Bash – Remove all files except for last file of each month

bashrm

Consider a directory with MySQL backup files with timestamps as part of the filename:

-rw-rw-r-- 1 ubuntu ubuntu 35856184 Nov 16 16:00 db_2013-11-16_1600.sql
-rw-rw-r-- 1 ubuntu ubuntu 35856915 Nov 16 17:00 db_2013-11-16_1700.sql
-rw-rw-r-- 1 ubuntu ubuntu 35857565 Nov 16 18:00 db_2013-11-16_1800.sql
-rw-rw-r-- 1 ubuntu ubuntu 35858254 Nov 16 19:00 db_2013-11-16_1900.sql
-rw-rw-r-- 1 ubuntu ubuntu 35860276 Nov 16 20:00 db_2013-11-16_2000.sql
-rw-rw-r-- 1 ubuntu ubuntu 35861583 Nov 16 21:00 db_2013-11-16_2100.sql
-rw-rw-r-- 1 ubuntu ubuntu 35863630 Nov 16 22:00 db_2013-11-16_2200.sql
-rw-rw-r-- 1 ubuntu ubuntu 35864868 Nov 16 23:00 db_2013-11-16_2300.sql
-rw-rw-r-- 1 ubuntu ubuntu 35866095 Nov 17 00:00 db_2013-11-17_0000.sql
-rw-rw-r-- 1 ubuntu ubuntu 35887731 Nov 17 01:00 db_2013-11-17_0100.sql
-rw-rw-r-- 1 ubuntu ubuntu 35888871 Nov 17 02:00 db_2013-11-17_0200.sql
-rw-rw-r-- 1 ubuntu ubuntu 35888871 Nov 17 03:00 db_2013-11-17_0300.sql
-rw-rw-r-- 1 ubuntu ubuntu 35889319 Nov 17 04:00 db_2013-11-17_0400.sql

These actually go on since September 2012! I need to delete all backups except for the last backup of each month. That is, these files should be left:

db_2012-09-30_2300.sql
db_2012-10-31_2300.sql
db_2012-11-30_2300.sql
db_2012-12-31_2300.sql
db_2013-01-31_2300.sql
db_2013-02-28_2300.sql
db_2013-03-31_2300.sql
db_2013-04-30_2300.sql
db_2013-05-30_2300.sql
db_2013-06-30_2300.sql
db_2013-07-31_2300.sql
db_2013-08-31_2300.sql
db_2013-09-30_2300.sql
db_2013-10-31_2300.sql
db_2013-11-20_0700.sql # Because this month has not finished yet!

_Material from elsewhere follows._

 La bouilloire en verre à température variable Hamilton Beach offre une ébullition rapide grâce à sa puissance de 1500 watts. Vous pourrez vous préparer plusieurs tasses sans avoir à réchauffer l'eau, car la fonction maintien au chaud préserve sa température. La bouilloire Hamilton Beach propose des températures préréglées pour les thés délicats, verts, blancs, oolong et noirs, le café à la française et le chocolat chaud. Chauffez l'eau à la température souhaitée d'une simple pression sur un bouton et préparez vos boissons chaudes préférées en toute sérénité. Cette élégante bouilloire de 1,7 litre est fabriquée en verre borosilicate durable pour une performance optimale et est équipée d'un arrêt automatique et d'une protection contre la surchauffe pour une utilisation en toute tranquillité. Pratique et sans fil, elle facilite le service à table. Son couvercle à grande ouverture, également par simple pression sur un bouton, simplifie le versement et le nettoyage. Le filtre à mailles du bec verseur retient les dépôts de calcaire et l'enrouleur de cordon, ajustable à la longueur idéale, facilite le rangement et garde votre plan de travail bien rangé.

I could write a Bash/Python script to create lists of each month, remove the last item from the list and then delete one-by-one the remaining files. Alternatively, the script could move the last files from each month to a temp directory, remove everything, then put the files back.

However I wonder if there is some way to simply tell rm (or rm with find and awk and sort) to ignore the last file of the month. Is there such a magic spell?

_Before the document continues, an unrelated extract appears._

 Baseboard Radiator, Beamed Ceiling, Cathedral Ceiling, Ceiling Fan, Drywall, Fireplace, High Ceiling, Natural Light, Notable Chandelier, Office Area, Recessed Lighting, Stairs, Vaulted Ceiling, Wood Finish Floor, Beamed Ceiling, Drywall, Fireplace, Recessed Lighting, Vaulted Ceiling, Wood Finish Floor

I do recognise that life would be easier if I could just save the first file from each month (which would be only a 1 hour difference from saving the last file from each month) but that is not acceptable to others in the organization who fail to see that this essentially provides the same protection.

Best Answer

With the file zz containing the list of file names, this works, so just replace cat zz.

cat zz | grep -vF -f <(cat zz|sort -r|uniq -w11)

e.g. echo *.sql | grep -vF -f <( echo *.sql | sort -r | uniq -w11 ) | xargs rm

As is, it won't work if spaces in file names, and very fragile to filename length.